= Exercise description =
Please set down exactly the lines from the one that contains "教练注册登录后主要功能模块包" through the end of the material, leaving out every picture.

= Data segment =

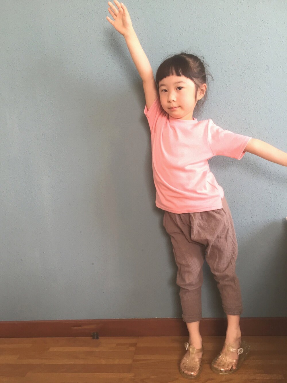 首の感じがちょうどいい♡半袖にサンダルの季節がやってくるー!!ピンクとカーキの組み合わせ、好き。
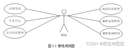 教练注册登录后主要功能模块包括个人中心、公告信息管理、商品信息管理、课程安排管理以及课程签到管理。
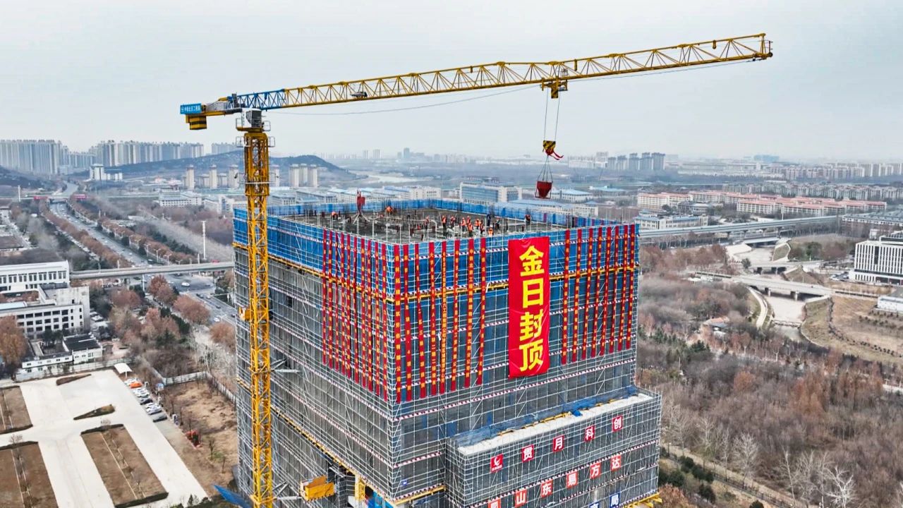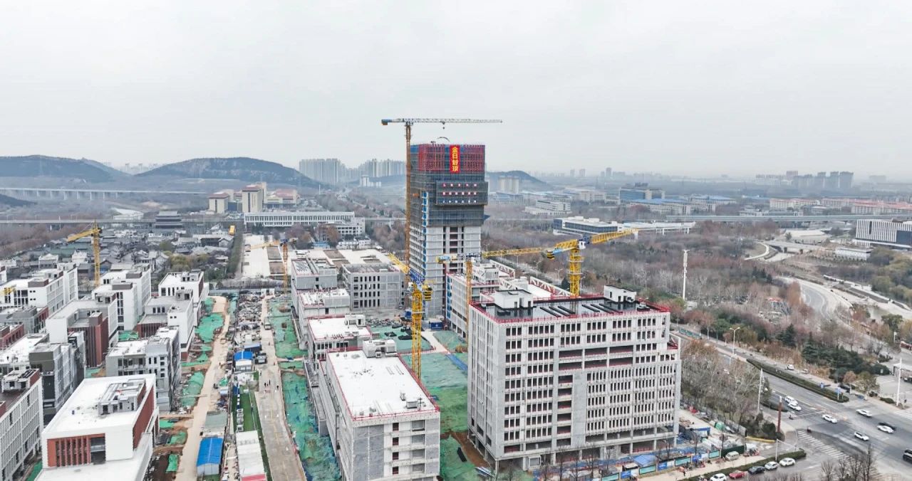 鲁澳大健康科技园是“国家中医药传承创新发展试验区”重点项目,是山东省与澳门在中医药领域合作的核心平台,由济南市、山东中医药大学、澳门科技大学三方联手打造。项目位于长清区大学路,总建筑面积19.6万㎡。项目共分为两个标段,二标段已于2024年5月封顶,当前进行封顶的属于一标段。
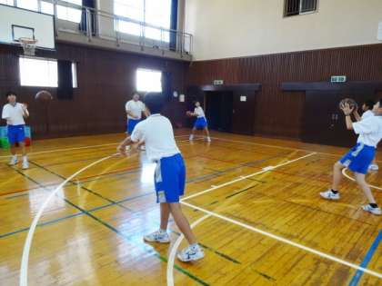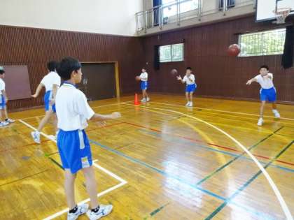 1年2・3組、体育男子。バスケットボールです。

= Response to the exercise =
 教练注册登录后主要功能模块包括个人中心、公告信息管理、商品信息管理、课程安排管理以及课程签到管理。
 鲁澳大健康科技园是“国家中医药传承创新发展试验区”重点项目,是山东省与澳门在中医药领域合作的核心平台,由济南市、山东中医药大学、澳门科技大学三方联手打造。项目位于长清区大学路,总建筑面积19.6万㎡。项目共分为两个标段,二标段已于2024年5月封顶,当前进行封顶的属于一标段。
 1年2・3組、体育男子。バスケットボールです。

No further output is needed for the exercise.